Late one evening, he was out taking a walk. He stopped and stood motionless, his mood blacker than the night. He had a thought, a simple thought. "I am finished," his mind announced.

He still has trouble explaining what happened next.

"I was overcome by a sense of relief," he reports. "A sudden feeling of inexpressible freedom. I even began to laugh out loud. My body was filled with happiness, as if I was suddenly getting a joke I'd been missing. For the first time I was feeling really good for no reason at all. I was totally here, in this moment. I could feel the trees around me, and hear the sounds without having to listen to thoughts telling me things needed to be different in some way. Everything was being experienced, but the "me" was gone.

He went home and made love with his wife for the first time in seven months.

Later, Robert described his experience to a friend, a student of Eastern philosophies and meditation practices. Robert's epiphany, it seemed, had an obscure eastern name. But his friend warned him it would pass, that he had tasted a fleeting glimpse of a state only great yogis could attain.

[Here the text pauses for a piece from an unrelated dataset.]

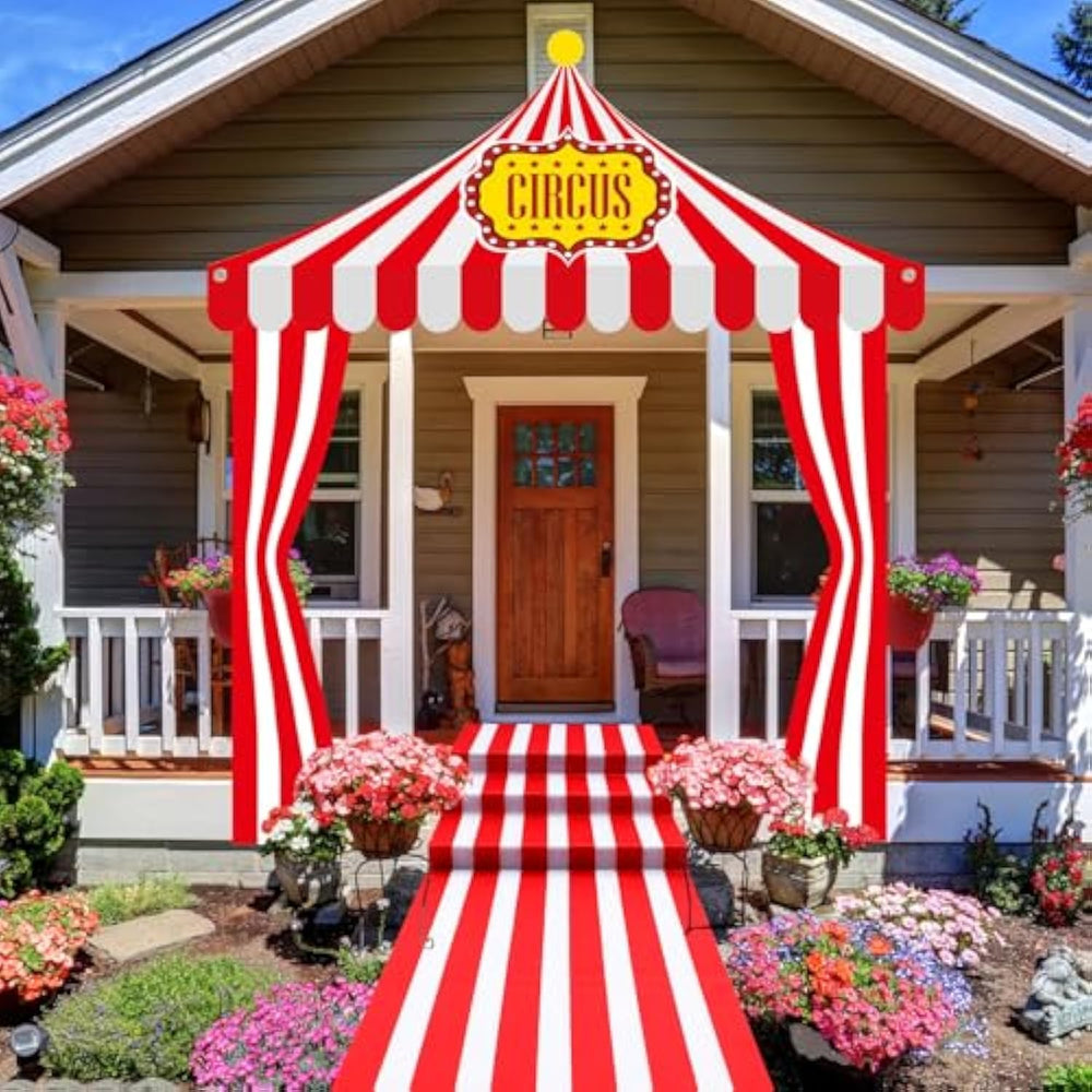 | Carnival Party Set: Carnival Entryway Decoration Kit Includes 1 Circus Awning Decoration With Circus Printed Sign Pattern, 2 Red And White Striped Carnival Banners, 1 Carnival Floor Runners, 1 Roll Of Double Sided Tape For Easy Hanging And Sticking | | Reliable Quality: The Carnival Circus Decoration Kit Is Made Of Polyester, Which Is Soft And Reliable, Not Easy To Tear Or Break, And The Bright White And Red Colors Are Not Easy To Fade, Giving You An Eye Catching Decorative Effect And Can Be Applied For A Long Time | | Easy To Install: The Circus Entrance Set Comes With Ribbon And Double-Sided Tape; You Can Hang It With The Ribbon, Or Stick It To The Wall With The Double-Sided Tape; Stick The Red And White Striped Carpet To The Base Plate To Easily Create A Nice Circus Entrance Decoration (Polyester Cloth Should Be Ironed Before Use For Better Results | | Suitable Size: Carnival Circus Runway Carpet Is Approx. 24 Inches Wide And 118 Inches Long, Circus Tent Decorations Are Approx. 70.8 X 26 Inches, Red And White Striped Carnival Banner Is Approx. 11.8 X 70.8 Inches, Enough Size Allows You To Apply It At Parties With Confidence, Let Your Party Attract Attention | | Various Occasions: The Carnival Entrance Decoration Kit Is Suitable For Circus Carnival Theme Event Parties, Circus Parties, Birthday Parties, Party Decorations, Etc. You Can Hang It With A Rope On The Front Door, Front Porch, Living Room, Courtyard Or Backyard, And It Can Also Be Applied As A Centerpiece For The Dining Table And A Photo Prop, Making Your Party More Memorable | |

"It didn't pass, though," Robert says today. "I still have ups and downs, of course. Things still come up with my wife. My back still aches when it rains. But this mysterious sense of well-being I found that night, this feeling of lightness for no reason, has stayed with me for more than ten years. I couldn't get rid of it if I tried. In fact, it only seems to grow deeper and deeper. It is not happening to me, it is who I am."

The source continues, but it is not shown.